Il Sole 24 Ore, 24 marzo 2017

di Emiliano Brancaccio*

L’euro rappresenta un tentativo fallito di gestione “morbida” dei durissimi processi di ristrutturazione capitalistica alimentati dal consolidamento del mercato unico europeo. La definitiva liberalizzazione dei movimenti di merci e di capitali ha esasperato la competizione tra capitali europei e ha alimentato gli squilibri commerciali e finanziari tra i paesi forti e i paesi deboli del continente.

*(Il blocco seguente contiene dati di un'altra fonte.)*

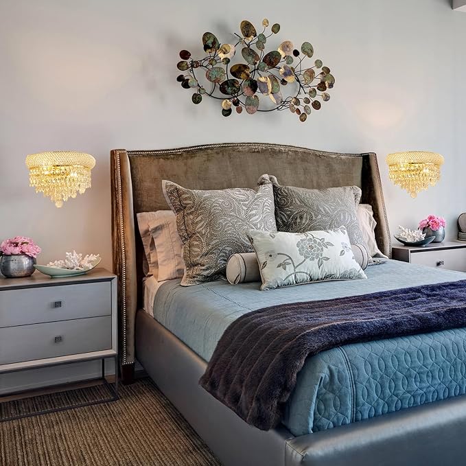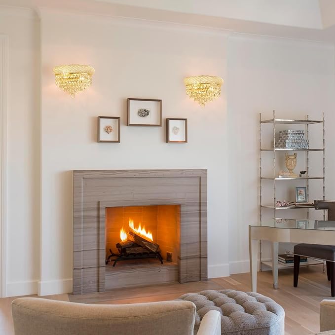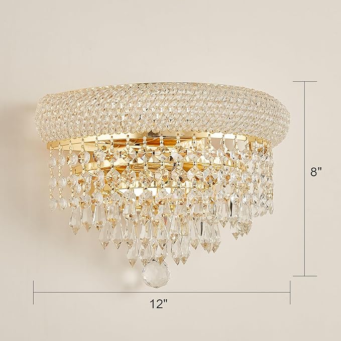 2-Lights Crystal Icicle Prisms Drops Wall Sconce Light for Living Room Dining Room Bathroom Vanity Mirrors Hallway Bedroom Closet Stairway(Gold)
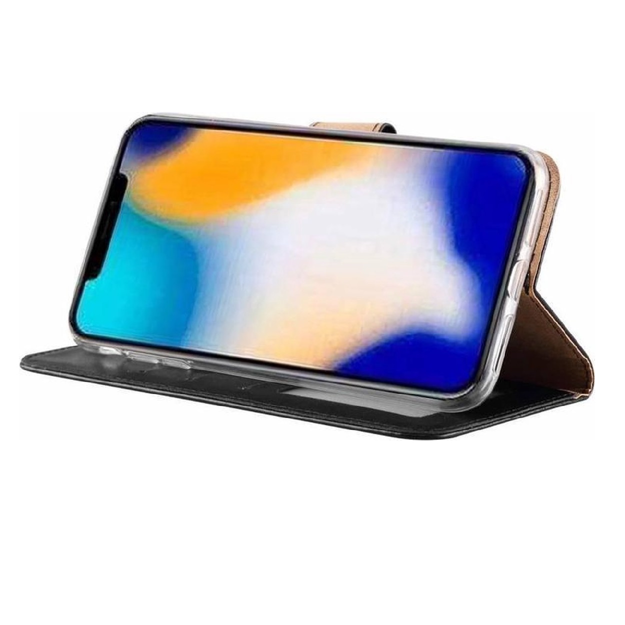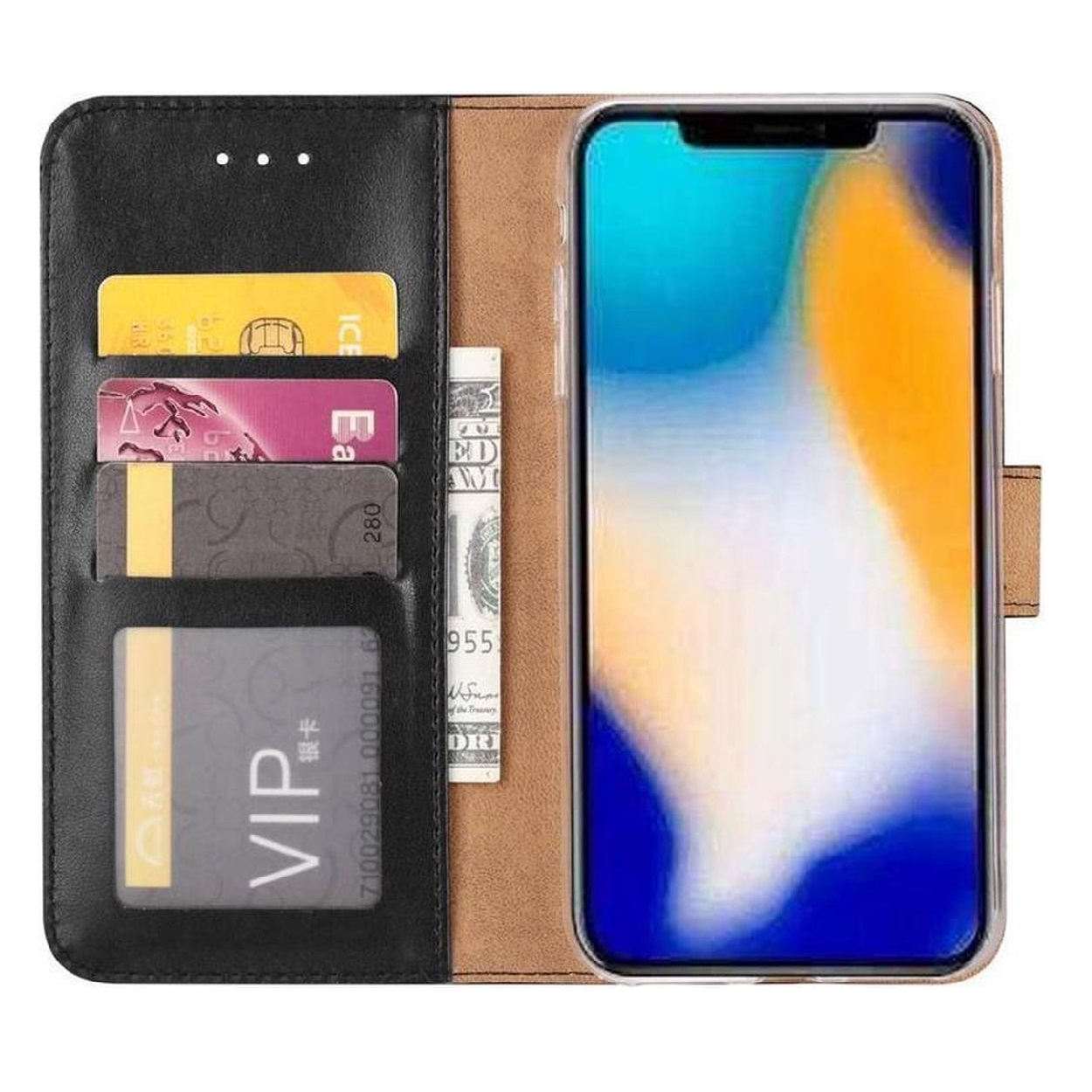 [Portemonnee-ontwerp] De zwart gekleurde bookcase beschikt ook over kaartvakken, waarbij u uw belangrijke kaarten in kunt plaatsen. Portemonnee en telefoonhoesje in 1.
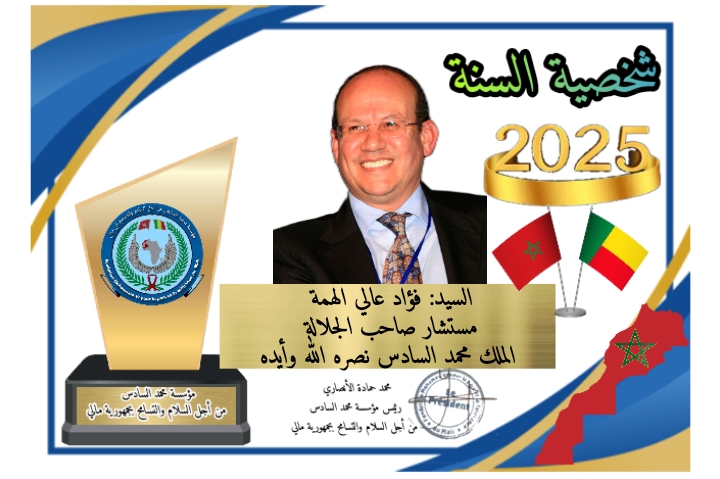 أعلنت مؤسسة محمد السادس من أجل السلام والتسامح بجمهورية مالي عن اختيار فؤاد عالي الهمة، مستشار صاحب الجلالة الملك محمد السادس نصره الله وأيده، شخصية السنة لسنة 2025، تقديراً لمساره السياسي والوطني وإسهاماته في خدمة القضايا الكبرى للمملكة المغربية.

Stando ai suoi fautori, la moneta unica avrebbe dovuto aiutare a governare questi sbilanciamenti. I paesi deboli sarebbero stati indotti dalle istituzioni europee ad attuare politiche di deflazione interna al fine di diminuire le spese, aumentare la competitività e cercare così di ridurre i loro eccessi di importazioni sulle esportazioni. In cambio, la politica monetaria sarebbe stata condivisa tra tutti i paesi, in modo da venire incontro alle esigenze di solvibilità delle economie più deboli.

Nella visione dei padri fondatori dell’euro, in questo modo il processo di “centralizzazione” europea non si sarebbe arrestato: i capitali in affanno sarebbero stati messi fuori mercato oppure acquisiti dai capitali più forti, ma a un ritmo blando, politicamente gestibile, tale da scongiurare reazioni protezionistiche. La grande crisi iniziata nel 2008 ha sconvolto questi piani, e ha rivelato tutti i limiti del progetto europeo. Anziché mitigare gli squilibri, le politiche deflattive imposte dall’Unione hanno alimentato la spirale recessiva, che ha aggravato la posizione debitoria dei paesi più deboli e ha reso l’azione della BCE sempre meno in grado di garantire la loro solvibilità.

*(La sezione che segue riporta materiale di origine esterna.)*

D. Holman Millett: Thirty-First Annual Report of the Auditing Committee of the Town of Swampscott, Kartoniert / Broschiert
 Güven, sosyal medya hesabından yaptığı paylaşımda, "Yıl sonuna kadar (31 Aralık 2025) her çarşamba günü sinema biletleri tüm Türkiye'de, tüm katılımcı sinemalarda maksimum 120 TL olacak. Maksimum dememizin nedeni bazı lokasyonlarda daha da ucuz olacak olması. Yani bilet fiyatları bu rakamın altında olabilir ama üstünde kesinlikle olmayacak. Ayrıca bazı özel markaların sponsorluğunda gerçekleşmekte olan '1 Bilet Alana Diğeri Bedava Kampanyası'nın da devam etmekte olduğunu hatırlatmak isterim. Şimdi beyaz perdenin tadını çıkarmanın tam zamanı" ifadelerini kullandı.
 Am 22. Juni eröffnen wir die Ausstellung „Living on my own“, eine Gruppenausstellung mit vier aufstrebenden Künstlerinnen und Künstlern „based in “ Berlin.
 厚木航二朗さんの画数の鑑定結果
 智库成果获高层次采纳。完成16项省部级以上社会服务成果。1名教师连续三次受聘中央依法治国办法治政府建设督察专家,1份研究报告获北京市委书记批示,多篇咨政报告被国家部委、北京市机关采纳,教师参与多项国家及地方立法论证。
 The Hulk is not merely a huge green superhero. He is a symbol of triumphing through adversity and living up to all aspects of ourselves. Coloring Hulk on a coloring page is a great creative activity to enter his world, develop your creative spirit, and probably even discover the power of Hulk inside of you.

In un simile scenario, resta valida la previsione del “monito degli economisti” pubblicato nel 2013 sul Financial Times: insistendo con queste politiche, l’attuale assetto dell’Unione è destinato a sgretolarsi. E un mero ritorno alle valute nazionali non risolverà i problemi. Ciò che davvero è in gioco è la causa originaria degli squilibri: il mercato unico e la connessa libertà degli scambi.